Fisetin is a senotherapeutic that extends health and lifespan

Matthew J Yousefzadeh, Yi Zhu, Sara J McGowan, Luise Angelini, Heike Fuhrmann-Stroissnigg, Ming Xu, Yuan Yuan Ling, Kendra I Melos, Tamar Pirtskhalava, Christina L Inman, Collin McGuckian, Erin A Wade, Jonathon I Kato, Diego Grassi, Mark Wentworth, Christin E Burd, Edgar A Arriaga, Warren L Ladiges, Tamara Tchkonia, James L Kirkland, Paul D Robbins, Laura J Niedernhofer, Matthew J Yousefzadeh, Yi Zhu, Sara J McGowan, Luise Angelini, Heike Fuhrmann-Stroissnigg, Ming Xu, Yuan Yuan Ling, Kendra I Melos, Tamar Pirtskhalava, Christina L Inman, Collin McGuckian, Erin A Wade, Jonathon I Kato, Diego Grassi, Mark Wentworth, Christin E Burd, Edgar A Arriaga, Warren L Ladiges, Tamara Tchkonia, James L Kirkland, Paul D Robbins, Laura J Niedernhofer

Abstract

Background: Senescence is a tumor suppressor mechanism activated in stressed cells to prevent replication of damaged DNA. Senescent cells have been demonstrated to play a causal role in driving aging and age-related diseases using genetic and pharmacologic approaches. We previously demonstrated that the combination of dasatinib and the flavonoid quercetin is a potent senolytic improving numerous age-related conditions including frailty, osteoporosis and cardiovascular disease. The goal of this study was to identify flavonoids with more potent senolytic activity.

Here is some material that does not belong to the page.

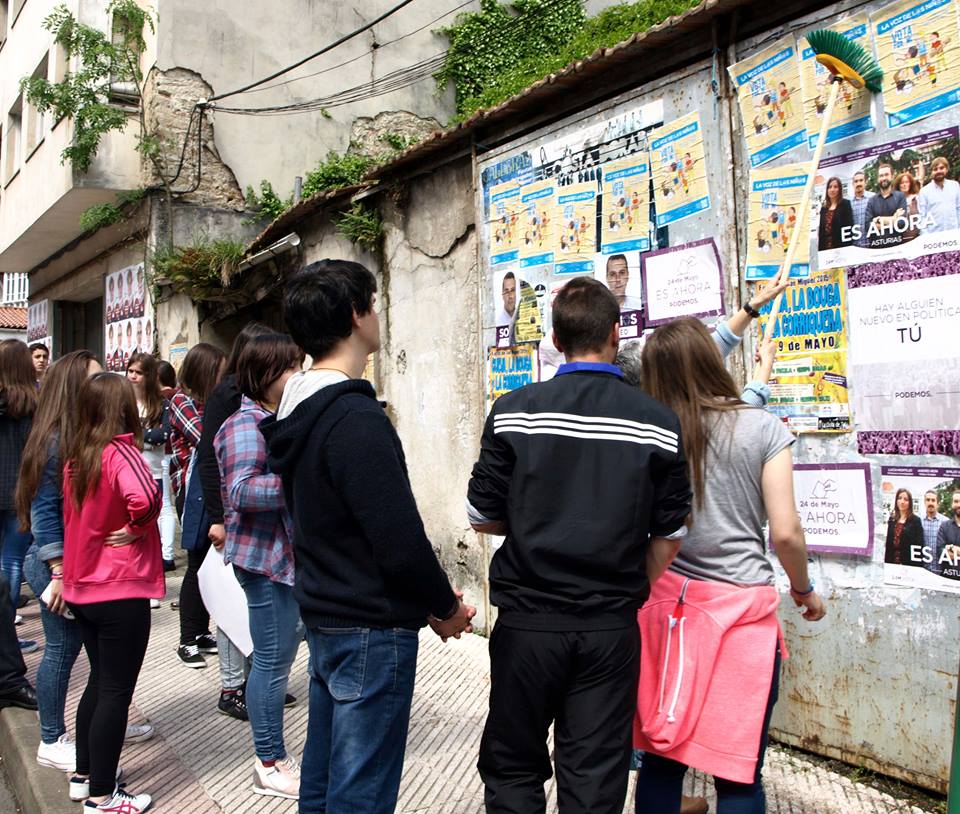 Los estudiantes pegaron sus carteles en varios espacios reservados para la campaña electoral, junto a los de partidos políticos para llamar la atención sobre su derecho a ser oídos. Semanas atrás, estudiantes del Instituto trasladaron a los candidatos a la alcaldía de Tineo una serie de propuestas para mejorar la calidad de vida y la participación social de niños y jóvenes. Durante la próxima semana analizarán los programas electorales de los partidos políticos para ver si sus demandas y propuestas han sido tenidas en cuenta.

Methods: A panel of flavonoid polyphenols was screened for senolytic activity using senescent murine and human fibroblasts, driven by oxidative and genotoxic stress, respectively. The top senotherapeutic flavonoid was tested in mice modeling a progeroid syndrome carrying a p16INK4a-luciferase reporter and aged wild-type mice to determine the effects of fisetin on senescence markers, age-related histopathology, disease markers, health span and lifespan. Human adipose tissue explants were used to determine if results translated.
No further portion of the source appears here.